WORK TO BE COMPLETED:
Please copy the records below word for word, leaving out the pictures.

Start of Block

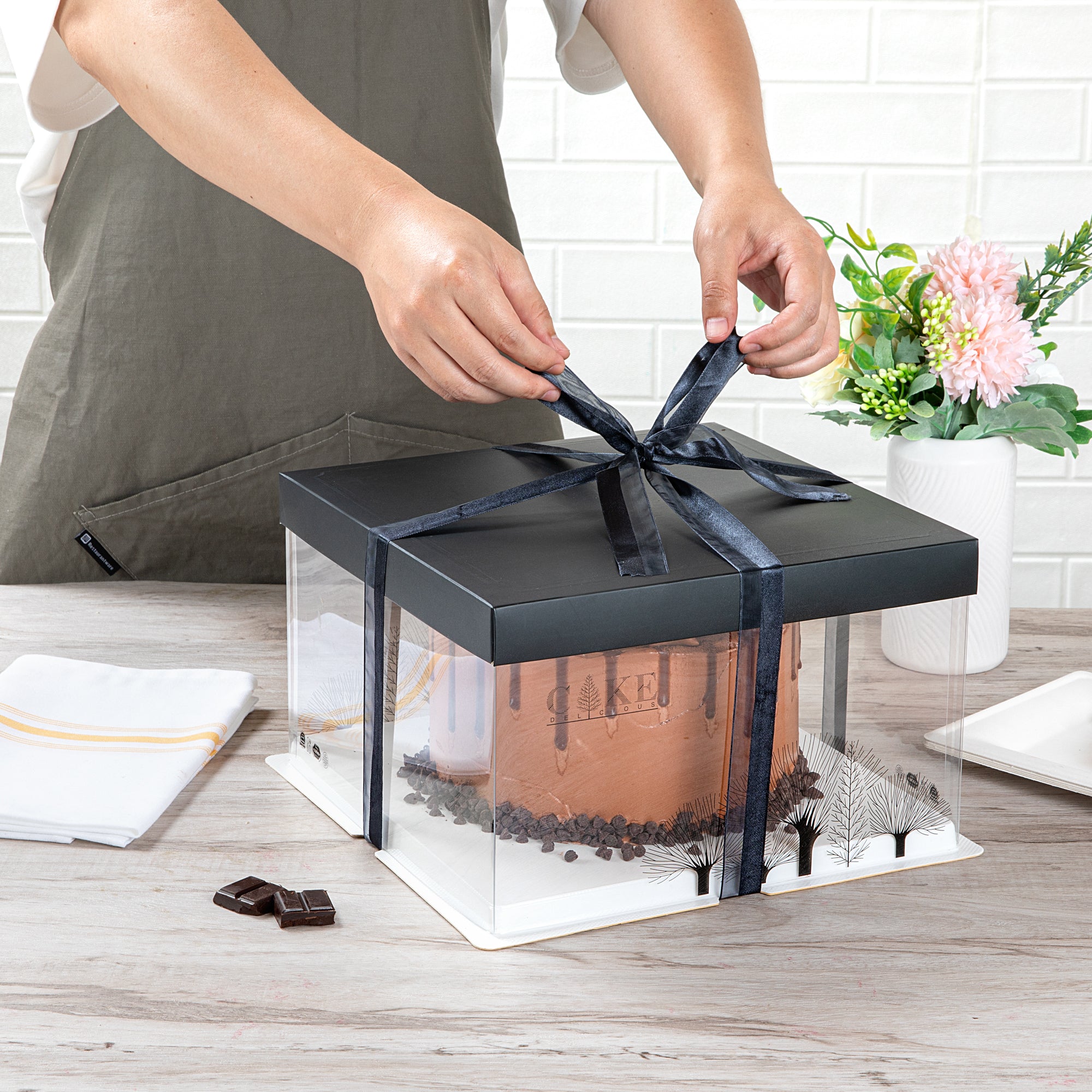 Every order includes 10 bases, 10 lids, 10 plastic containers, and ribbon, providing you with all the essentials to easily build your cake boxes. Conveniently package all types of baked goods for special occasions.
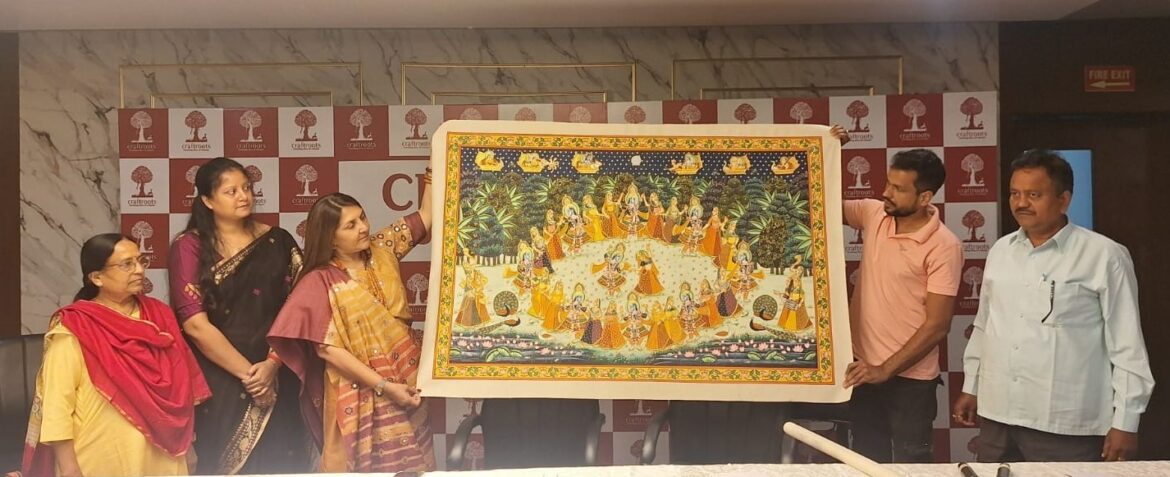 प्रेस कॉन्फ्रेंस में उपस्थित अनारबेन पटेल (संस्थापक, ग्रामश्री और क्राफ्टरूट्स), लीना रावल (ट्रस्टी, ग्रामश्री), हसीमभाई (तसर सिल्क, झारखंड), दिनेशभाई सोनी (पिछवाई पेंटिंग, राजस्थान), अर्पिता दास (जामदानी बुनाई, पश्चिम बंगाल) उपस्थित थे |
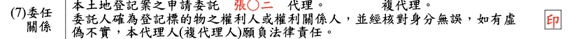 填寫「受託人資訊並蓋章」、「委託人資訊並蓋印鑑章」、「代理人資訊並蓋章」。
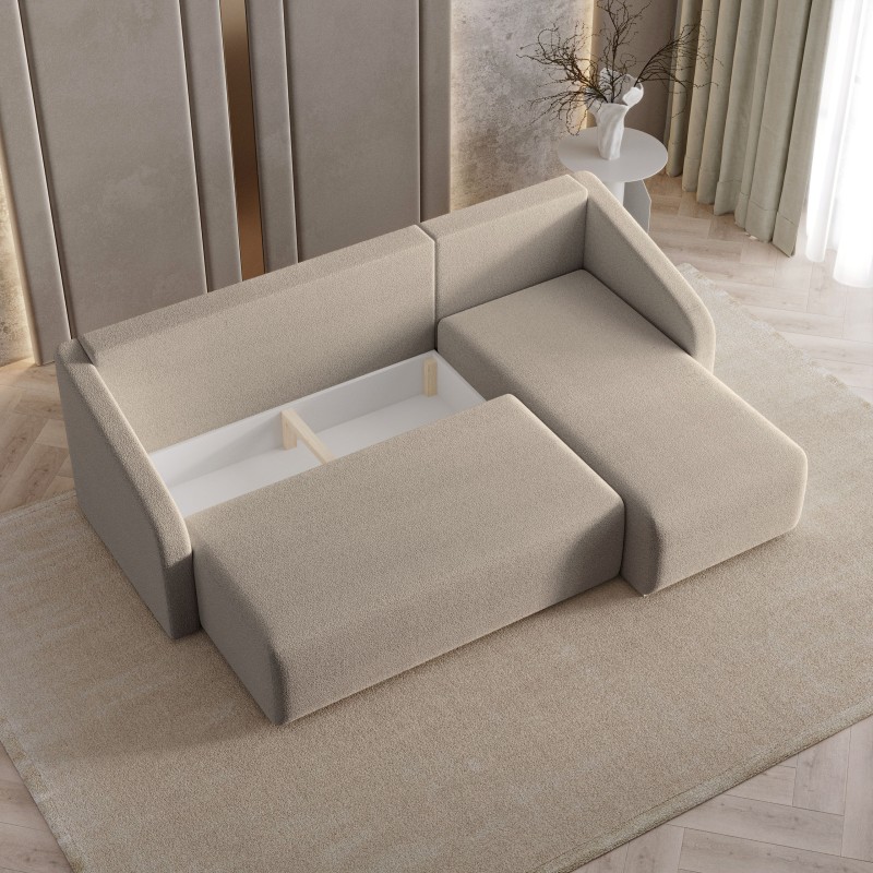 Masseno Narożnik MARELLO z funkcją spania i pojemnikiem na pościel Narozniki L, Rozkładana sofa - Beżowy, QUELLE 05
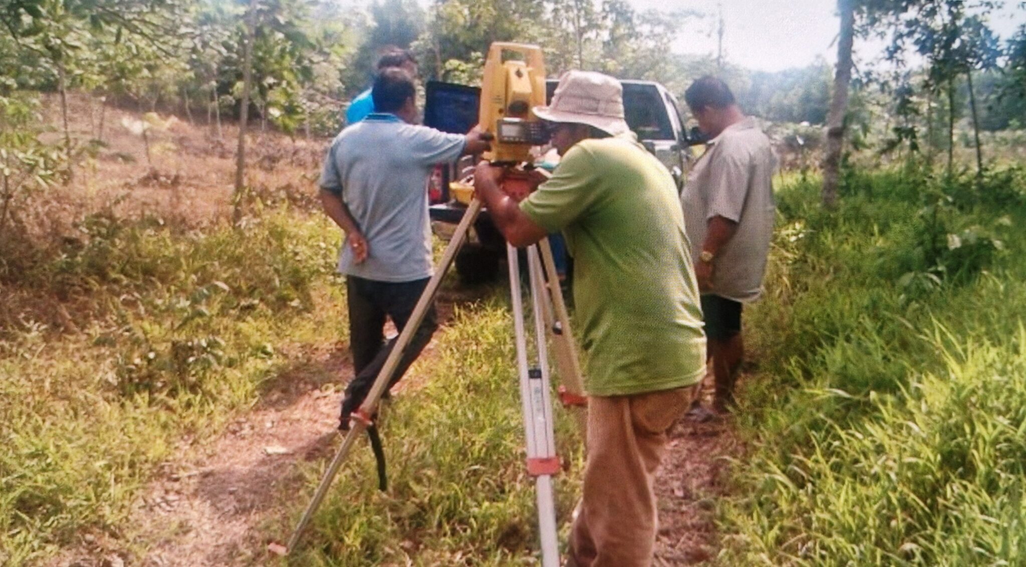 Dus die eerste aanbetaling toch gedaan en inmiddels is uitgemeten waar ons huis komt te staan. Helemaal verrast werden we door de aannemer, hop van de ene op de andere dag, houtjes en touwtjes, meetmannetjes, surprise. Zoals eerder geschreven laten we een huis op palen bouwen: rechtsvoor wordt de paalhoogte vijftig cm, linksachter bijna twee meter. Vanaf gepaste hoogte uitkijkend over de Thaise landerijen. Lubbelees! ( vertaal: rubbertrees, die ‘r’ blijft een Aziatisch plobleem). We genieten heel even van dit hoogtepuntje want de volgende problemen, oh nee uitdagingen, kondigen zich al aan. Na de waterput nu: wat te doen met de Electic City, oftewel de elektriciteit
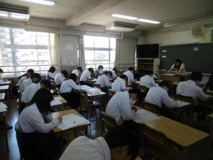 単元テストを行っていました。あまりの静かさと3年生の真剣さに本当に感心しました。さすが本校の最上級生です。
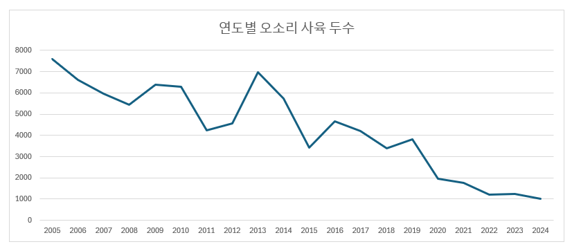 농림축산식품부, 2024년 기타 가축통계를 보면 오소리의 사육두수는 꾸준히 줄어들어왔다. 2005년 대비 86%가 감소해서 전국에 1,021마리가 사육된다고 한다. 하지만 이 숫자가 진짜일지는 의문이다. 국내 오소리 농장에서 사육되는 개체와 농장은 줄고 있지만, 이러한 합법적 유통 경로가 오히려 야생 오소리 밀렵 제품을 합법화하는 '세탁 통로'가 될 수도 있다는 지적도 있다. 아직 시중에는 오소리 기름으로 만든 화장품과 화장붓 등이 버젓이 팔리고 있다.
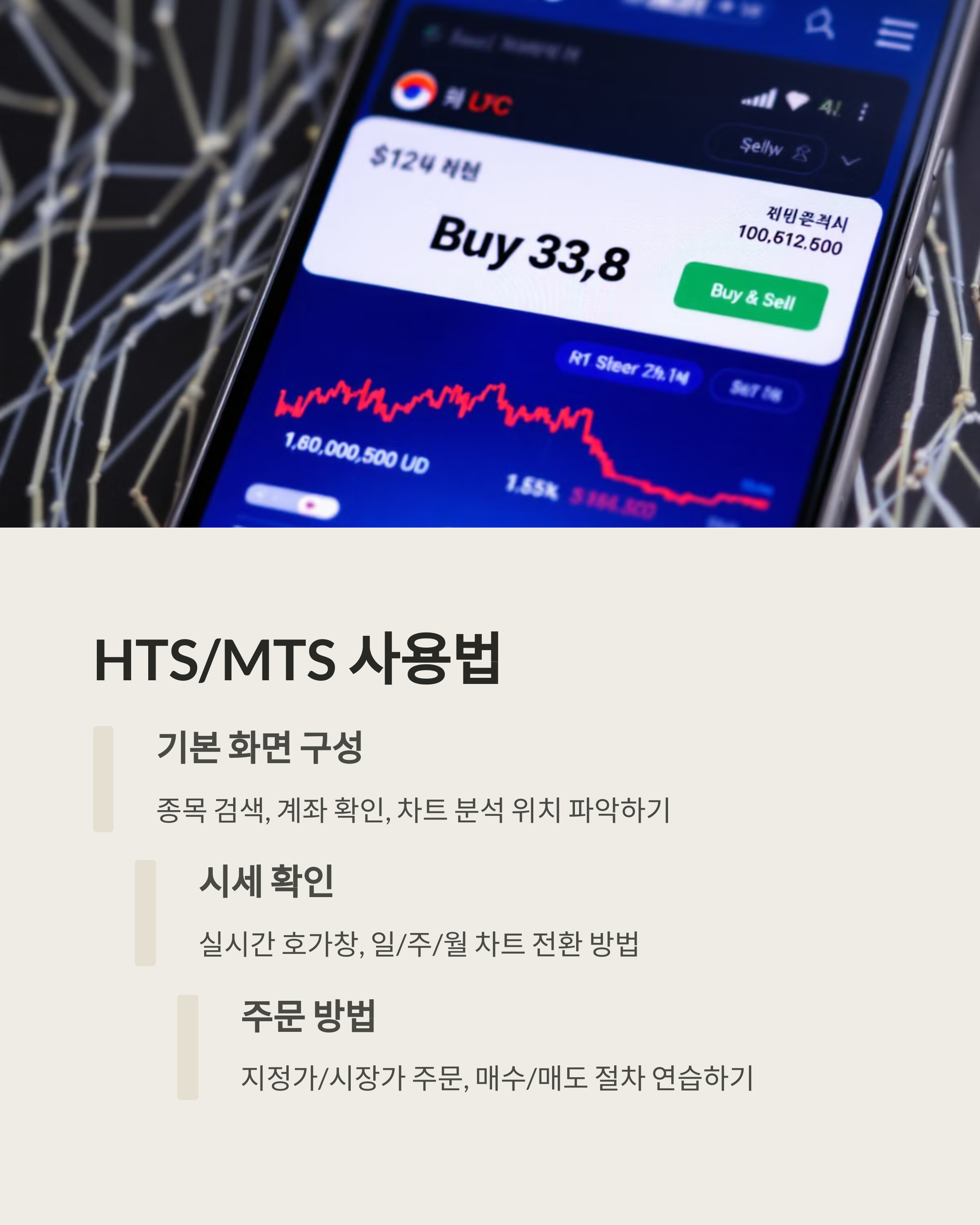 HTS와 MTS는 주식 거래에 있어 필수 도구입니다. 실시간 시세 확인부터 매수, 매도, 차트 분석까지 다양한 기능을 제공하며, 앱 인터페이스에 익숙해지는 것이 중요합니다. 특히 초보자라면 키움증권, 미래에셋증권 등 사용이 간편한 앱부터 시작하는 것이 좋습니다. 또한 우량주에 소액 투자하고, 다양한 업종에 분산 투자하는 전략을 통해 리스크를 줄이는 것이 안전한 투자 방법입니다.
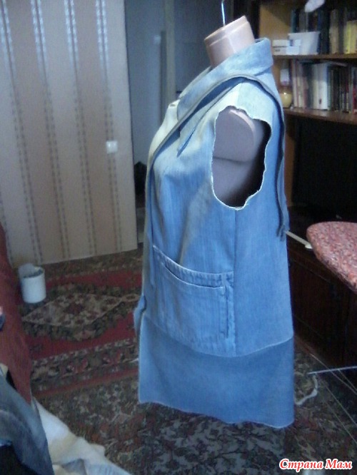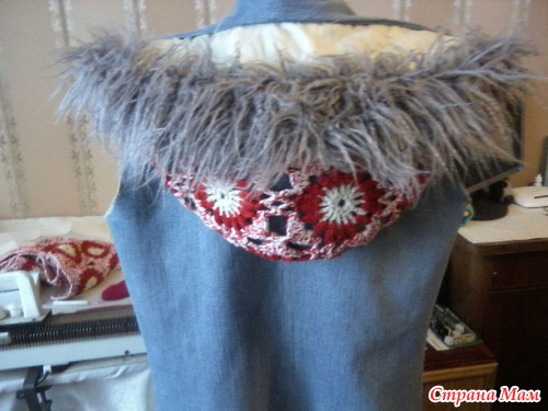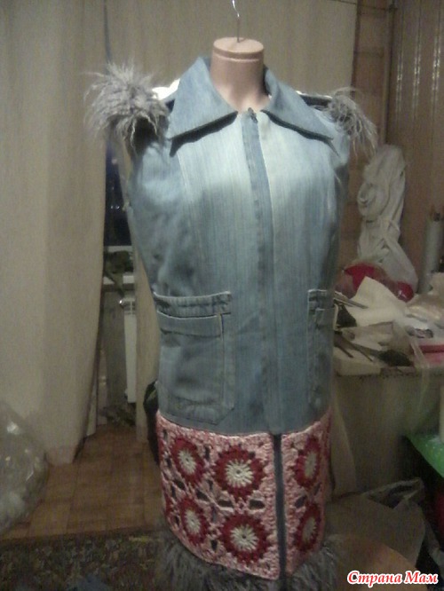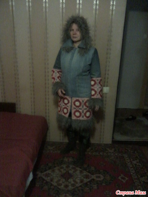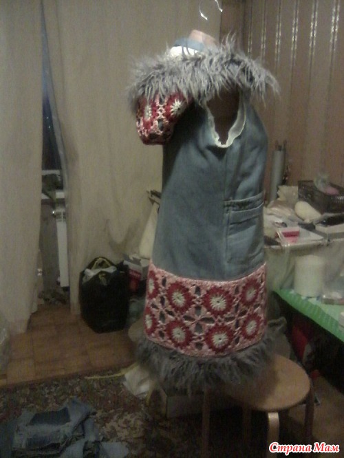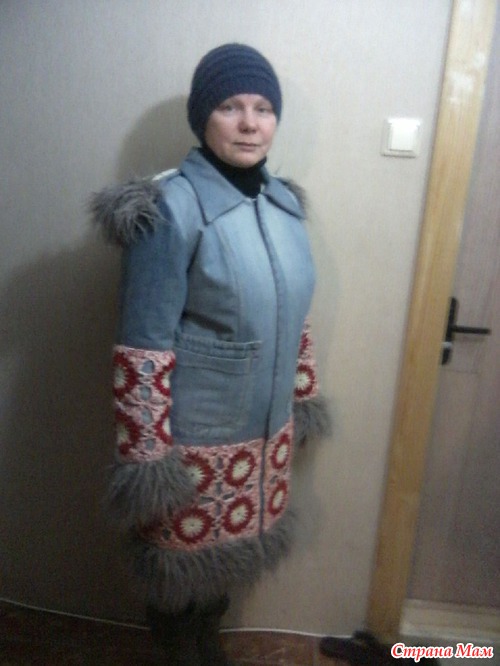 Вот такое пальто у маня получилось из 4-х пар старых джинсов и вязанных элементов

End of Block

EXERCISE SOLUTION:
 Every order includes 10 bases, 10 lids, 10 plastic containers, and ribbon, providing you with all the essentials to easily build your cake boxes. Conveniently package all types of baked goods for special occasions.
 प्रेस कॉन्फ्रेंस में उपस्थित अनारबेन पटेल (संस्थापक, ग्रामश्री और क्राफ्टरूट्स), लीना रावल (ट्रस्टी, ग्रामश्री), हसीमभाई (तसर सिल्क, झारखंड), दिनेशभाई सोनी (पिछवाई पेंटिंग, राजस्थान), अर्पिता दास (जामदानी बुनाई, पश्चिम बंगाल) उपस्थित थे |
 填寫「受託人資訊並蓋章」、「委託人資訊並蓋印鑑章」、「代理人資訊並蓋章」。
 Masseno Narożnik MARELLO z funkcją spania i pojemnikiem na pościel Narozniki L, Rozkładana sofa - Beżowy, QUELLE 05
 Dus die eerste aanbetaling toch gedaan en inmiddels is uitgemeten waar ons huis komt te staan. Helemaal verrast werden we door de aannemer, hop van de ene op de andere dag, houtjes en touwtjes, meetmannetjes, surprise. Zoals eerder geschreven laten we een huis op palen bouwen: rechtsvoor wordt de paalhoogte vijftig cm, linksachter bijna twee meter. Vanaf gepaste hoogte uitkijkend over de Thaise landerijen. Lubbelees! ( vertaal: rubbertrees, die ‘r’ blijft een Aziatisch plobleem). We genieten heel even van dit hoogtepuntje want de volgende problemen, oh nee uitdagingen, kondigen zich al aan. Na de waterput nu: wat te doen met de Electic City, oftewel de elektriciteit
 単元テストを行っていました。あまりの静かさと3年生の真剣さに本当に感心しました。さすが本校の最上級生です。
 농림축산식품부, 2024년 기타 가축통계를 보면 오소리의 사육두수는 꾸준히 줄어들어왔다. 2005년 대비 86%가 감소해서 전국에 1,021마리가 사육된다고 한다. 하지만 이 숫자가 진짜일지는 의문이다. 국내 오소리 농장에서 사육되는 개체와 농장은 줄고 있지만, 이러한 합법적 유통 경로가 오히려 야생 오소리 밀렵 제품을 합법화하는 '세탁 통로'가 될 수도 있다는 지적도 있다. 아직 시중에는 오소리 기름으로 만든 화장품과 화장붓 등이 버젓이 팔리고 있다.
 HTS와 MTS는 주식 거래에 있어 필수 도구입니다. 실시간 시세 확인부터 매수, 매도, 차트 분석까지 다양한 기능을 제공하며, 앱 인터페이스에 익숙해지는 것이 중요합니다. 특히 초보자라면 키움증권, 미래에셋증권 등 사용이 간편한 앱부터 시작하는 것이 좋습니다. 또한 우량주에 소액 투자하고, 다양한 업종에 분산 투자하는 전략을 통해 리스크를 줄이는 것이 안전한 투자 방법입니다.
 Вот такое пальто у маня получилось из 4-х пар старых джинсов и вязанных элементов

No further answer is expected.